Restate word for word the lines below from the one that has "전남대는 7월 21일" through the one that has "JUGEMテーマ:ファッション JUGEMテーマ:ピアス♪リング♪ネックレス♪ ロングネックレスが人気です。", keeping both and dropping all pictures.

* **Given entries**:
•••

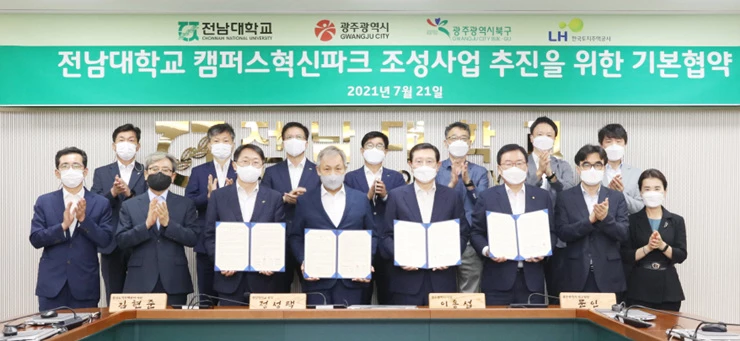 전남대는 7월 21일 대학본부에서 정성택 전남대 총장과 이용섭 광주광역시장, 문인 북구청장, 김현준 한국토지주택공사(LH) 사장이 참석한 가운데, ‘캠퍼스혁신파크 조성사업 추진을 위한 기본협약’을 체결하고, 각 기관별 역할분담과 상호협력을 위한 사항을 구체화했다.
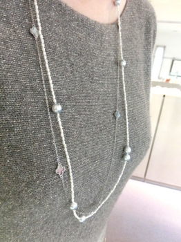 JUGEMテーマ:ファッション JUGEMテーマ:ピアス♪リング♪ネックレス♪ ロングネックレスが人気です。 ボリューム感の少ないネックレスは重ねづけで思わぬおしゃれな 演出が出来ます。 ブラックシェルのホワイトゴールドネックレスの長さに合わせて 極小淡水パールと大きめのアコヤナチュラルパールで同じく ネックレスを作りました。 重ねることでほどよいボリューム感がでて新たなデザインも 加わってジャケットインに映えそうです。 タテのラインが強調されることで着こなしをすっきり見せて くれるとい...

•••

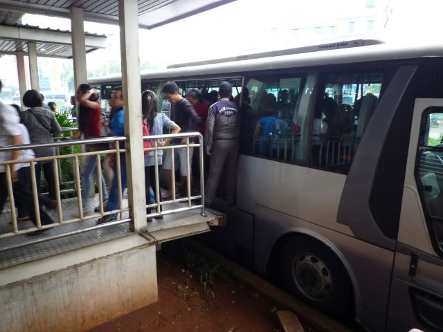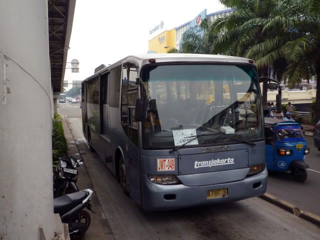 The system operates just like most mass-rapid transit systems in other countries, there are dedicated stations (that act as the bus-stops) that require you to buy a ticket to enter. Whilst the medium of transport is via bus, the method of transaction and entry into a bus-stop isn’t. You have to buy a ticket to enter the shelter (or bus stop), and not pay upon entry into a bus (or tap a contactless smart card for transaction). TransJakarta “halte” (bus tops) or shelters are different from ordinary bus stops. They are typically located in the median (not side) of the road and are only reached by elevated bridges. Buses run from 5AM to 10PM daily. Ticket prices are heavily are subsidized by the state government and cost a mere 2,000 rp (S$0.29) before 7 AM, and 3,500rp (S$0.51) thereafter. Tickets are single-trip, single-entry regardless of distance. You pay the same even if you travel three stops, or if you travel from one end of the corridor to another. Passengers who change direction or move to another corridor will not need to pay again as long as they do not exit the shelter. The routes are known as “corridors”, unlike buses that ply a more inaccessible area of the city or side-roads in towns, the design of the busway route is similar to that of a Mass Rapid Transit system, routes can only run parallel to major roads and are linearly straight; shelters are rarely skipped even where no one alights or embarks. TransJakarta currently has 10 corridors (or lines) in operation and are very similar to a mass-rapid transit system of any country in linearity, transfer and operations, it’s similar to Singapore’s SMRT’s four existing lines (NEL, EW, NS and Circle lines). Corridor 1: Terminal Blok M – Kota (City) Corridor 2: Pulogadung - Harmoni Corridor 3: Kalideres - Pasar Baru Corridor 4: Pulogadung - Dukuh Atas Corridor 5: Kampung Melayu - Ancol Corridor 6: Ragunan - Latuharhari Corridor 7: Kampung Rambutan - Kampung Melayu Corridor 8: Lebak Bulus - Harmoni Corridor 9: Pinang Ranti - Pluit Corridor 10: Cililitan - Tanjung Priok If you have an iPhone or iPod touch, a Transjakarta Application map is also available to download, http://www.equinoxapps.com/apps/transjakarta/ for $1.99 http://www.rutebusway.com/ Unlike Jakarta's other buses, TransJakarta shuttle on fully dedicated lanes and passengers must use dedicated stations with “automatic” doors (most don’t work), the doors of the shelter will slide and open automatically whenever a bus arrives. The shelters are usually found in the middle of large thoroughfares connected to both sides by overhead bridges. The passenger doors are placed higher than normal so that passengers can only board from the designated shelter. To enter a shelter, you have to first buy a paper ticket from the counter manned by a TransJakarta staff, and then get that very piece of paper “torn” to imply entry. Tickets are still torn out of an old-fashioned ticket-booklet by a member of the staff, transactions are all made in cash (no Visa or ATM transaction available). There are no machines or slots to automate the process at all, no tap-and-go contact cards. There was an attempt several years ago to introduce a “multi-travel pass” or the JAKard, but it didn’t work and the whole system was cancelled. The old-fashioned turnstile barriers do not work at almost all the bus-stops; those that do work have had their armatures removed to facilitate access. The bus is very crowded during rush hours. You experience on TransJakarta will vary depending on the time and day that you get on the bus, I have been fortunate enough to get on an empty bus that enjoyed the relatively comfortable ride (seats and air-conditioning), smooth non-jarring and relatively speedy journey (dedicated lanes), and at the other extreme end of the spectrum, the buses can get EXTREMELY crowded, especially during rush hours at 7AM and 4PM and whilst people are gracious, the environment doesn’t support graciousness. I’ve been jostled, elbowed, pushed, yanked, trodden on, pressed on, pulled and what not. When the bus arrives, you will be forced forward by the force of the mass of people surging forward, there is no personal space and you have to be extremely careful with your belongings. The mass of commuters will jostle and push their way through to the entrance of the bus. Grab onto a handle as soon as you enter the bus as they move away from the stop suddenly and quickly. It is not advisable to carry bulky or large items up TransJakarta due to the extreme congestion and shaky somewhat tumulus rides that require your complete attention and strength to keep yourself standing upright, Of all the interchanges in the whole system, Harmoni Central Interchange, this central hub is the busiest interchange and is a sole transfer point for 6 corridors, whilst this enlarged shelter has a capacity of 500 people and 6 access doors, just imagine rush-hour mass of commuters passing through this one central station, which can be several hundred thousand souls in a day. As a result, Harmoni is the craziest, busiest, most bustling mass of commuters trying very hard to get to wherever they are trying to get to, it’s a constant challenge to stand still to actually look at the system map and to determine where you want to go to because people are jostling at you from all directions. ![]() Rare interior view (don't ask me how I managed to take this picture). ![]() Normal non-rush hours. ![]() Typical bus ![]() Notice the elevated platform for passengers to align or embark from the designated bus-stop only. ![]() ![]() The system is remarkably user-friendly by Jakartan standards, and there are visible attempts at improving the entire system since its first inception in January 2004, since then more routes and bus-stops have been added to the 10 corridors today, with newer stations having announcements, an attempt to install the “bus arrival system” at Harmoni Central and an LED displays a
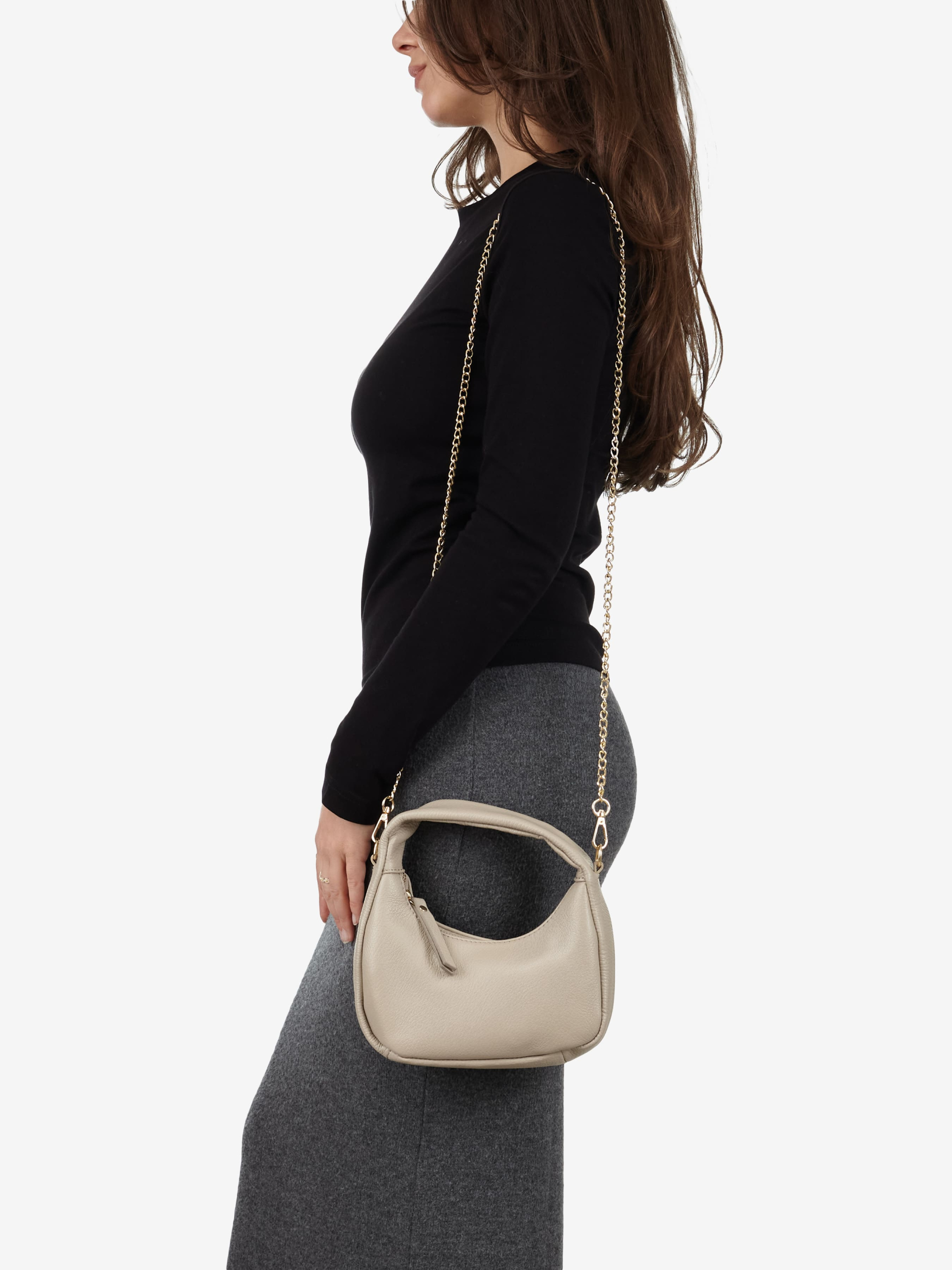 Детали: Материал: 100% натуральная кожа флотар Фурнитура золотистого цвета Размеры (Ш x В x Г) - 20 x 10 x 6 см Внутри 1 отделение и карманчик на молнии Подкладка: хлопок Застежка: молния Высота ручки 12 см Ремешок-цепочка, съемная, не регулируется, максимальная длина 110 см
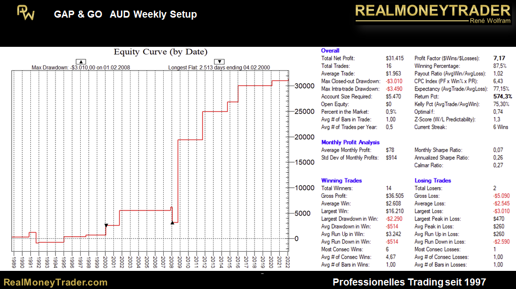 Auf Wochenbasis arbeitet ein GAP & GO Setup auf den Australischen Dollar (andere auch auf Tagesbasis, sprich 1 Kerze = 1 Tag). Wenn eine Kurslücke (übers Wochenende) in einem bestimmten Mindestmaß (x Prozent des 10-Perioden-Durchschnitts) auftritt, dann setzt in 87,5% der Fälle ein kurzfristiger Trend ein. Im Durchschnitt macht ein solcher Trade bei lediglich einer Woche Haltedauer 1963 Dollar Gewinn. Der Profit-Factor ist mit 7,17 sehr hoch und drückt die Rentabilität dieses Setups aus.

•••

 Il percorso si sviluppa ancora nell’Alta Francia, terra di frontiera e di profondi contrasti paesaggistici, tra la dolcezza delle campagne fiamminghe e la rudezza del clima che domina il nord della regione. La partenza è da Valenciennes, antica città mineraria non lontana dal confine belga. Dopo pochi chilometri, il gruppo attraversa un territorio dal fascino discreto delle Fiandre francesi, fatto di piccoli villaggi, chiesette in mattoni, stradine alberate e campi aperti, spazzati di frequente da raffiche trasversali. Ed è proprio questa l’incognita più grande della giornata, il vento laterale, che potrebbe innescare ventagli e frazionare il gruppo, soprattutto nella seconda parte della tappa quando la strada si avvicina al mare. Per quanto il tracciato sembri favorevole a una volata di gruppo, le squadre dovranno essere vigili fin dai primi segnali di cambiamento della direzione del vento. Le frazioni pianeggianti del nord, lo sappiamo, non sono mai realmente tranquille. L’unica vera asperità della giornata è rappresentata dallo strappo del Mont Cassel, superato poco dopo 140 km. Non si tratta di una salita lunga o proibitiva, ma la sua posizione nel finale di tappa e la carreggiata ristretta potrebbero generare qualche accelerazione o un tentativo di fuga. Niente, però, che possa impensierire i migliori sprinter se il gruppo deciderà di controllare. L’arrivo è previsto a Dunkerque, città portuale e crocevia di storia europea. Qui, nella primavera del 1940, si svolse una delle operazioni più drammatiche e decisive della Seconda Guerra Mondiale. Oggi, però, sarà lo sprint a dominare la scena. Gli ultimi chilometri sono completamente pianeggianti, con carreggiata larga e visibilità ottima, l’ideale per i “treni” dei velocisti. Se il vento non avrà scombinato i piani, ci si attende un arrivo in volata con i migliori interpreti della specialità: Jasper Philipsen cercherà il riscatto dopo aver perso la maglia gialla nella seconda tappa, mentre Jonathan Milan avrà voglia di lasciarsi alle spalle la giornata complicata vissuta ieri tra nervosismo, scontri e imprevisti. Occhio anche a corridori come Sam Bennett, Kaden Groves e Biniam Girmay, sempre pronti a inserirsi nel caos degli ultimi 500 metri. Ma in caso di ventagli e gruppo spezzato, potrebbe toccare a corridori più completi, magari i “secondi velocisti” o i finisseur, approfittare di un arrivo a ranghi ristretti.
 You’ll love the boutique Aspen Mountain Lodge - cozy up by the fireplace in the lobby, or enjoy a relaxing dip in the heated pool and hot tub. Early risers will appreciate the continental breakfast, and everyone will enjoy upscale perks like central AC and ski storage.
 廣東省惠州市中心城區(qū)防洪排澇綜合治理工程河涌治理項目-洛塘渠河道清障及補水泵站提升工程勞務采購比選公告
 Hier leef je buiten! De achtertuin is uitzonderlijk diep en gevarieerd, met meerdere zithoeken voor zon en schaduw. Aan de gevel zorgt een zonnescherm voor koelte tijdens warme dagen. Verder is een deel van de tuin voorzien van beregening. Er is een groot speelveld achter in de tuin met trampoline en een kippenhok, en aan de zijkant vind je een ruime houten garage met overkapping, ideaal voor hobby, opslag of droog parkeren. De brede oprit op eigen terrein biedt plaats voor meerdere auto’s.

•••

* **Completed exercise**:
 전남대는 7월 21일 대학본부에서 정성택 전남대 총장과 이용섭 광주광역시장, 문인 북구청장, 김현준 한국토지주택공사(LH) 사장이 참석한 가운데, ‘캠퍼스혁신파크 조성사업 추진을 위한 기본협약’을 체결하고, 각 기관별 역할분담과 상호협력을 위한 사항을 구체화했다.
 JUGEMテーマ:ファッション JUGEMテーマ:ピアス♪リング♪ネックレス♪ ロングネックレスが人気です。 ボリューム感の少ないネックレスは重ねづけで思わぬおしゃれな 演出が出来ます。 ブラックシェルのホワイトゴールドネックレスの長さに合わせて 極小淡水パールと大きめのアコヤナチュラルパールで同じく ネックレスを作りました。 重ねることでほどよいボリューム感がでて新たなデザインも 加わってジャケットインに映えそうです。 タテのラインが強調されることで着こなしをすっきり見せて くれるとい...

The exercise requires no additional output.